Scotland Election 2016

Campaigns mark one week until Holyrood election

Leaders collage

Scotland's politicians have been looking ahead to polling day with the Holyrood election one week away.

Party leaders set out their vision for the next five years while campaigning across Scotland.


Nicola Sturgeon, SNP

Nicola Sturgeon marked the one-week countdown to polling day with her deputy John Swinney in South Queensferry.

In the shadow of the new Forth crossing, Ms Sturgeon appealed to voters to give her a personal mandate as first minister.

She said: "The SNP is the only party with the strength, unity and vision to move Scotland forward.

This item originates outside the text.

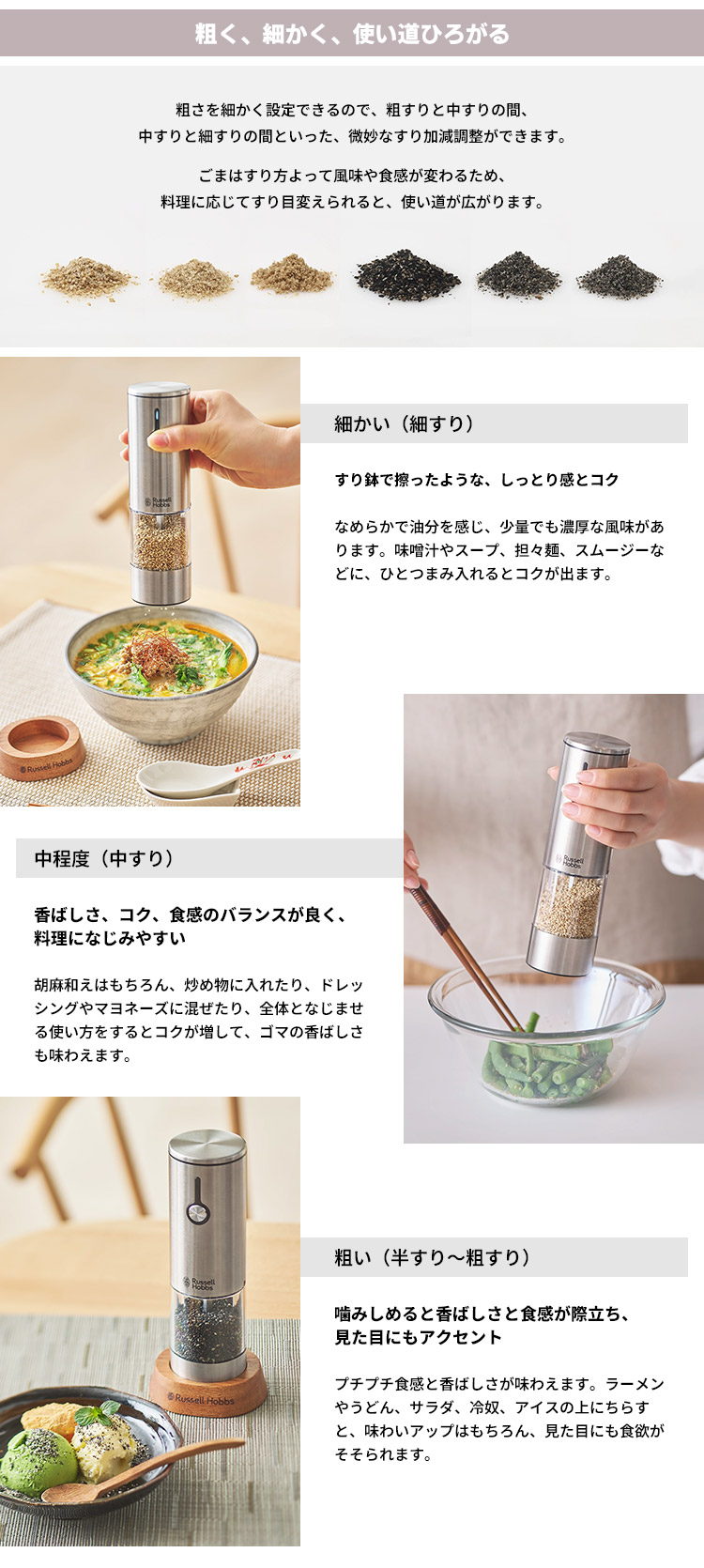 | 粗さを細かく設定できるので、粗すりと中すりの間、中すりと細すりの間といった、微妙なすり加減調整ができます。 ごまはすり方よって風味や食感が変わるため、料理に応じてすり目変えられると、使い道が広がります。 ● 細かい(細すり) “すり鉢で擦ったような、しっとり感とコク” なめらかで油分を感じ、少量でも濃厚な風味があります。味噌汁やスープ、担々麺、スムージーなどに、ひとつまみ入れるとコクが出ます。 ● 中程度(中すり) “香ばしさ、コク、食感のバランスが良く、料理になじみやすい” 胡麻和えはもちろん、炒め物に入れたり、ドレッシングやマヨネーズに混ぜたり、全体となじませる使い方をするとコクが増して、ゴマの香ばしさも味わえます。 ● 粗い(半すり〜粗すり) “噛みしめると香ばしさと食感が際立ち、見た目にもアクセント” プチプチ食感と香ばしさが味わえます。ラーメンやうどん、サラダ、冷奴、アイスの上にちらすと、味わいアップはもちろん、見た目にも食欲がそそられます。 |

"Our positive, ambitious plans to shape a better future for Scotland by increasing childcare, transforming the NHS and securing more and better-paid jobs are winning support across the country."


Kezia Dugdale, Labour

Image copyright Enchanted Forest Nursery

Kezia Dugdale warned that not backing Labour could see a further £3bn in cuts imposed on Scotland.

Visiting a nursery in Glasgow, the Scottish Labour leader said she would introduce a three-step programme to create "a fairer country for all".

These include a 50p tax rate on people earning more than £150,000, investment in schools through an increase to the education budget in the next parliament, and a halt to cuts to the NHS and public services.

Ms Dugdale said: "Change isn't easy, but voting for change is. A week from today, I want people to put a cross next to Labour on both their ballot papers so that we can use the powers of the Scottish Parliament to change our country for the better."


Ruth Davidson, Conservatives

Image copyright Ruth Davidson / Twitter

Visiting a waste management plant in Dumfries, Ruth Davidson said her party could be "the strong opposition" that Scotland needs.

The Scottish Conservative leader said she could "hold the SNP to account" and force the next Scottish government to focus on issues that really mattered - such as service provision, jobs and the economy.

Ms Davidson said the Tories were the only party not talking about taking more money out of people's pay packets in the form of extra tax.

She said she wanted to see a "competitive and fair" tax rate to encourage job creation and investment.


Willie Rennie, Lib Dems

Willie Rennie took to a quad bike in Angus while seeking to accelerate his campaign ahead of the vote on 5 May.

The Scottish Lib Dem leader said his party had run a "positive, uplifting campaign" about "making Scotland the best again", which he said was broadening support.

He said: "Everywhere I go, people come up to me to say how pleased they are that our party is campaigning strongly on education and that we are giving mental health the attention it has missed out on for years.

"People are considering voting Liberal Democrat for the first time based on our bold and positive programme for Scotland."